First, create a folder composed of English letters or numbers on a non-system drive, such as D:/spark. The reason for using English letters/numbers and a non-system drive is to minimize potential errors related to Chinese characters, permissions, etc.

Then, visit the official Spark-TTS code repository: https://github.com/SparkAudio/Spark-TTS

As shown below, click to download the source code as a ZIP package:

Click to download the source code ZIP package

After downloading, extract the ZIP file and copy all files and folders to the D:/spark folder. The resulting directory structure should resemble the following:

Directory structure after copying

2. Create a Virtual Environment and Install Dependencies

  • Create a Virtual Environment

Enter cmd in the address bar of the folder and press Enter. In the black terminal window that appears, execute the following command:

bash
python -m venv venv

As shown:

Enter cmd in the folder address bar and press Enter

Execute the command

After execution, a venv folder will be added to the D:/spark directory:

A venv directory will be added to the folder after successful execution

Note: If you receive the error python is not recognized as an internal or external command during execution, it means that Python is not installed or has not been added to the system environment variables. Please refer to relevant articles to install Python.

Next, execute venv\scripts\activate to activate the virtual environment. After activation, (venv) will appear at the beginning of the terminal line, indicating successful activation. All subsequent commands must be executed in this environment. Please check if it is activated before each execution.

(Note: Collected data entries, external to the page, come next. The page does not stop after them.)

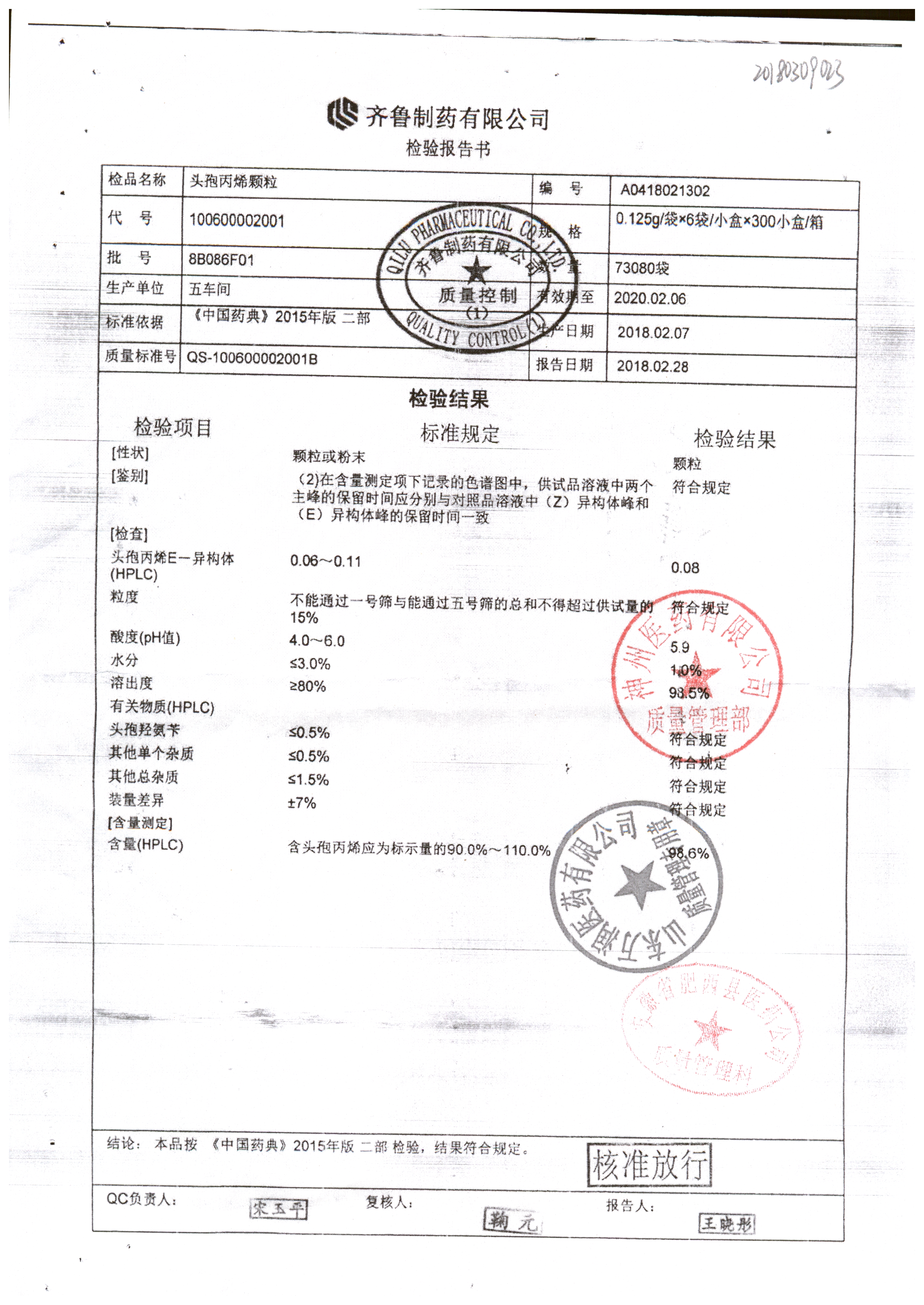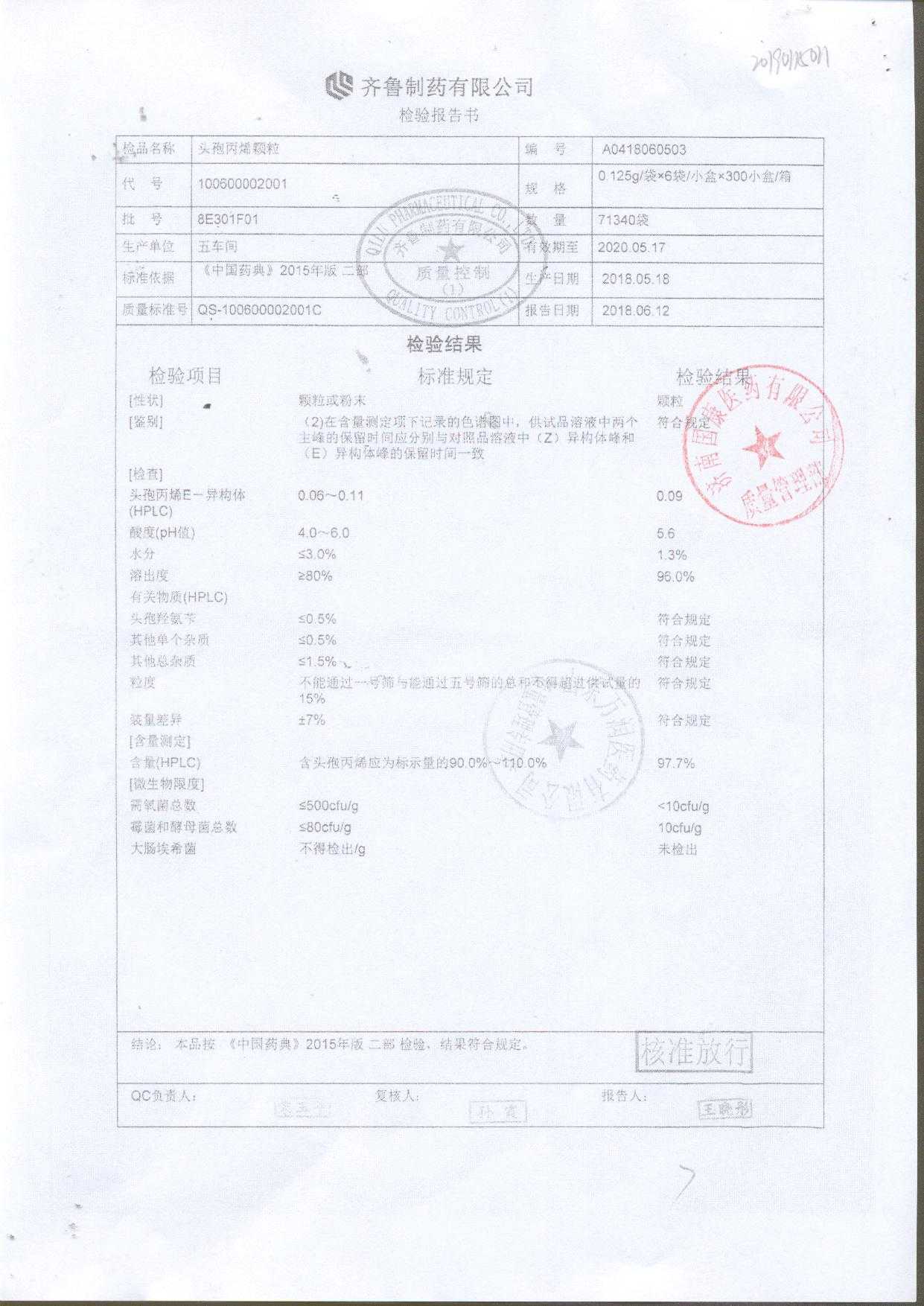| 頭孢丙烯顆粒 | 0.125g*6袋 | 8C125F01 | 查看詳情 |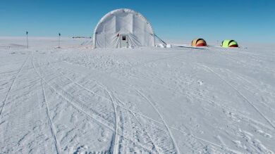 Punto de muestreo en la plataforma de hielo del Mar de Ross. El hueco mide aproximadamente 30 cm de diámetro y 400 m de profundidad hasta llegar al agua líquida. En este ambiente gélido se encontró por primera vez cierto grupo de bacterias que domina la comunidad de las oxidadoras de azufre. Solo ha habido dos expediciones en las que se ha conseguido alcanzar el agua líquida bajo el hielo, la primera en 1977 y la segunda en 2017, a pesar de los múltiples intentos. / F. Baltar.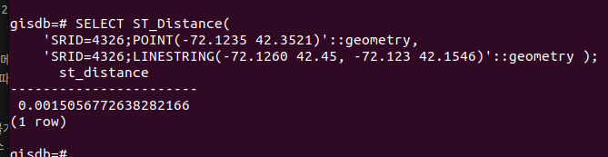 ST_DISTANCE는 파라미터로 도형 2개를 받고, 그 거리를 계산해주는 간단한 기능만을 갖고 있다.

Make sure there is (venv) at the beginning

  • Install Dependencies

In the activated virtual environment, continue executing the following command in the terminal to install all dependencies:

bash
pip install -r requirements.txt

The installation process may take a long time. Please be patient.

Installation takes a long time

3. Download Models

Models required for open-source AI projects are usually hosted on Hugging Face (huggingface.co). Since this website is blocked in some regions, you will need a VPN to download the models. Ensure you have configured your VPN environment and set up a system proxy.

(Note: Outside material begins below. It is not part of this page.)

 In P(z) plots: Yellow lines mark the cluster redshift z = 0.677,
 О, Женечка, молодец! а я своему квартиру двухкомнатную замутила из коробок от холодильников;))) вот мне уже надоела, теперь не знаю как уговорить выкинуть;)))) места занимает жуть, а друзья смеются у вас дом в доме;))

Create a text file named down.txt in the current directory D:/spark, copy and paste the following code into the file, and save it:

python
from huggingface_hub import snapshot_download
snapshot_download("SparkAudio/Spark-TTS-0.5B", local_dir="pretrained_models/Spark-TTS-0.5B")
print('下载完成')

Then, execute the following command in the terminal window with the virtual environment activated:

bash
python down.txt

Remember to check if (venv) exists before the command line:

Make sure the command line starts with (venv)

Wait for the terminal to indicate that the download is complete.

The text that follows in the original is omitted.